According to a report from the Associated Press published Wednesday, experts believe the names of CIA personnel "could have been compromised not only by hackers who may have penetrated Hillary Clinton's private computer server or the State Department system," though it also noted that such information also could have been compromised "by the release itself of tens of thousands of her emails." The CIA declined to comment to AP, and many security experts who did comment downplayed the viability of security concerns. While one U.S. official who was not named said CIA personnel names could have been revealed, the official said the threat was "theoretical and probably remains so at this time." Steven Aftergood, who directs the Federation American Scientists' Project on Government Secrecy, told AP, "I don't think there's any particular vulnerability here." But will those caveats to the concern stop Donald Trump from using Clinton's emails as ammo in the general election?
The saga of Clinton's email scandal has been a long one, and at times we've gotten bored or tired of it.

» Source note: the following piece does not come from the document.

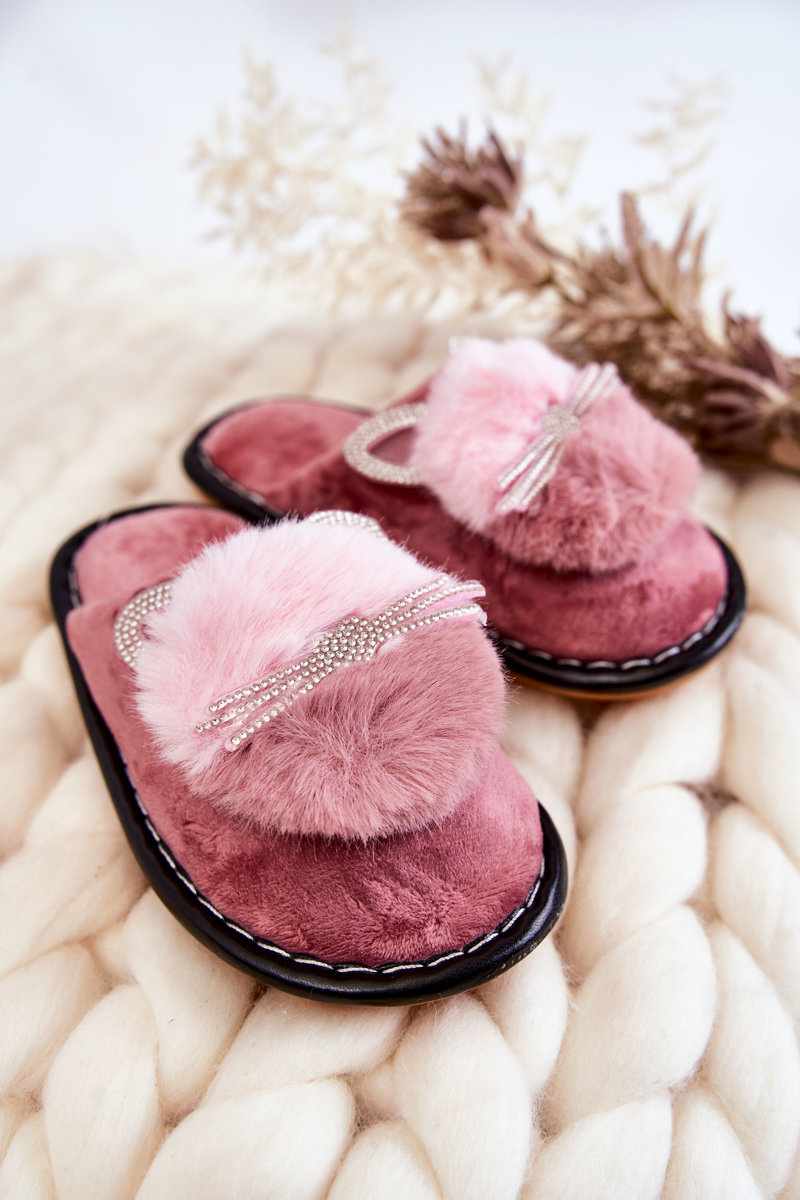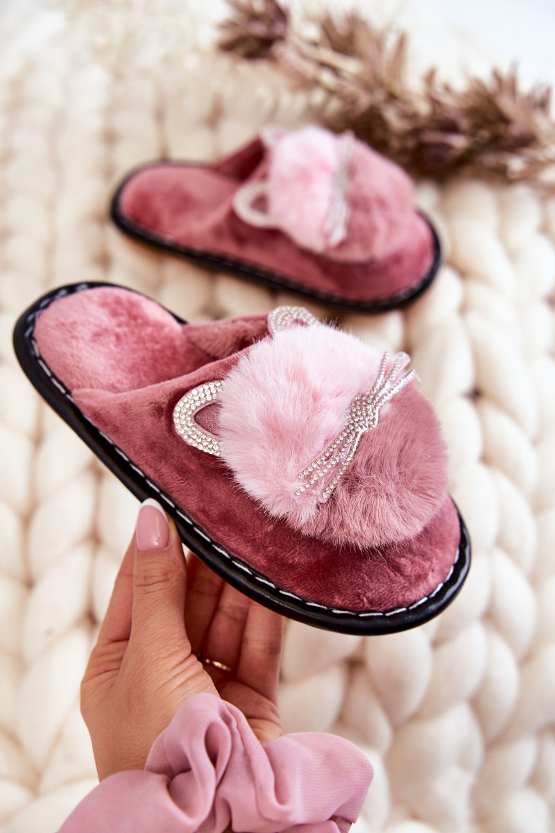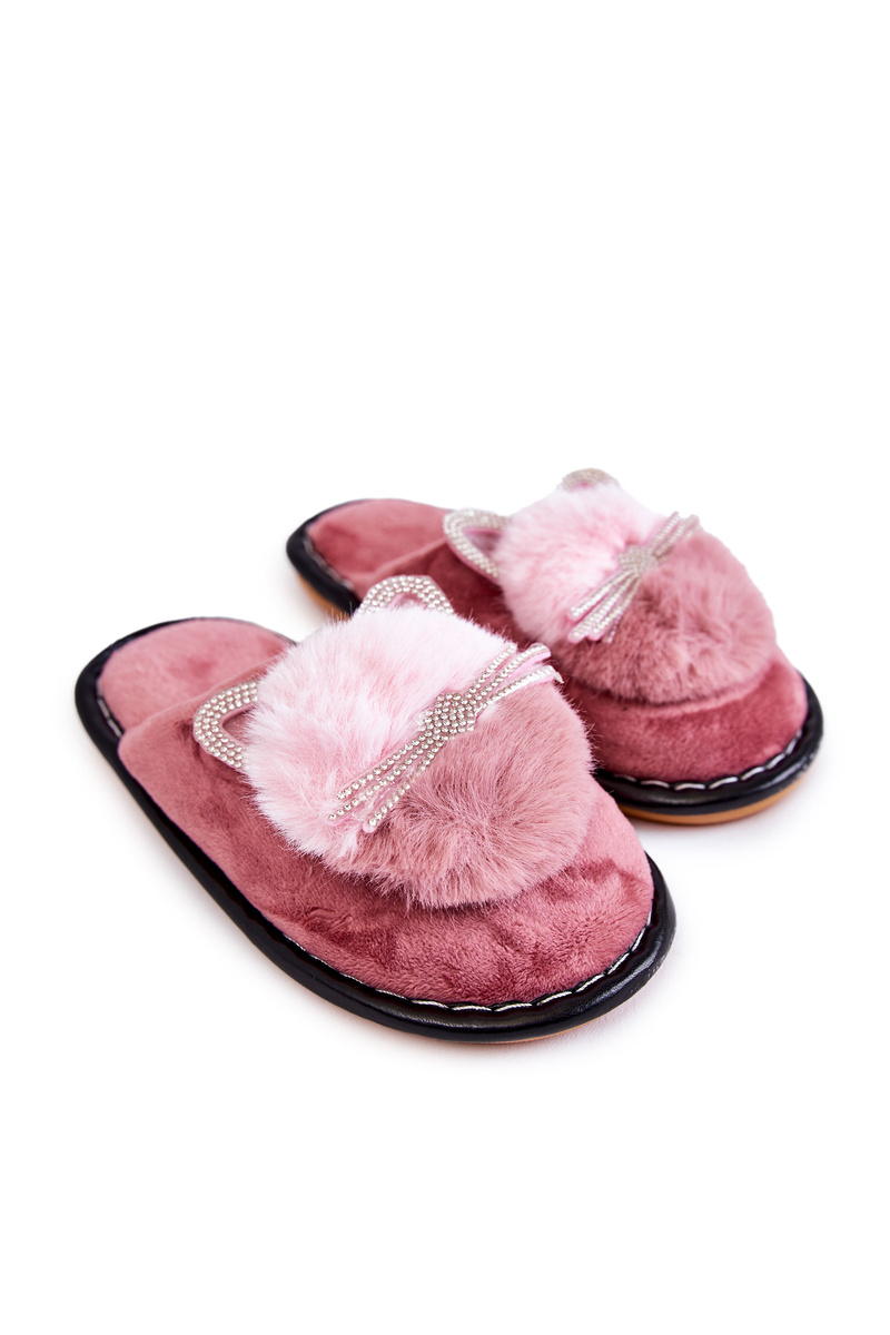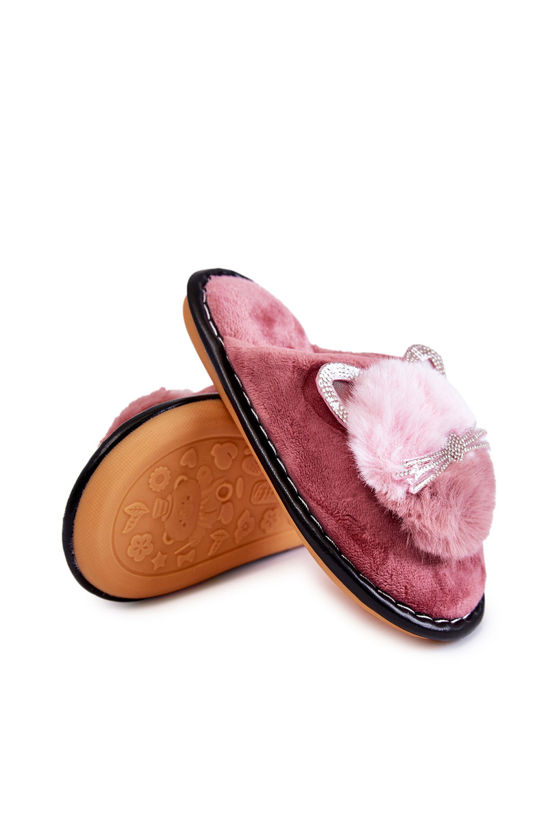Dziecięce Papcie Z Kotkiem I Cyrkoniami Ciemnoróżowe Carliss

There's a reason Sanders' proclamation that he and the American people were "sick and tired of hearing about [her] damn emails" got so many snaps. On the flip side, it has been one of the most successful, most cited, and most enduring criticisms of her, a narrative that simply will not die, like Benghazi or her husband's sexual behavior. It feeds perfectly into presumptive GOP nominee Trump's "Crooked Hillary" epithet. And now that the race is on the cusp of being whittled down to Clinton versus Trump, I believe we should expect to see this latest development cited forcefully and often. In fact, see the tweet from Trump below as proof.
The attention to her emails has never vanished from the campaign, and with this latest article — and with Trump as the GOP nominee — it's not leaving the news cycle or the campaign trail any time soon. The statements of these security experts may give him additional ammo, although as briefly explained above, the email concerns raised by Clinton are complicated. The State Department report never said Clinton deserved punishment or should be further investigated. Moreover, the Federal Bureau of Investigations has yet to finish its investigation.
Of course, none of us are counting on that kind of understanding or critical nuance from Trump. Expect lots of tweets blaring that Clinton and her Blackberry might have been responsible for countless undercover heroes being gunned down in some unnamed desert. Sad.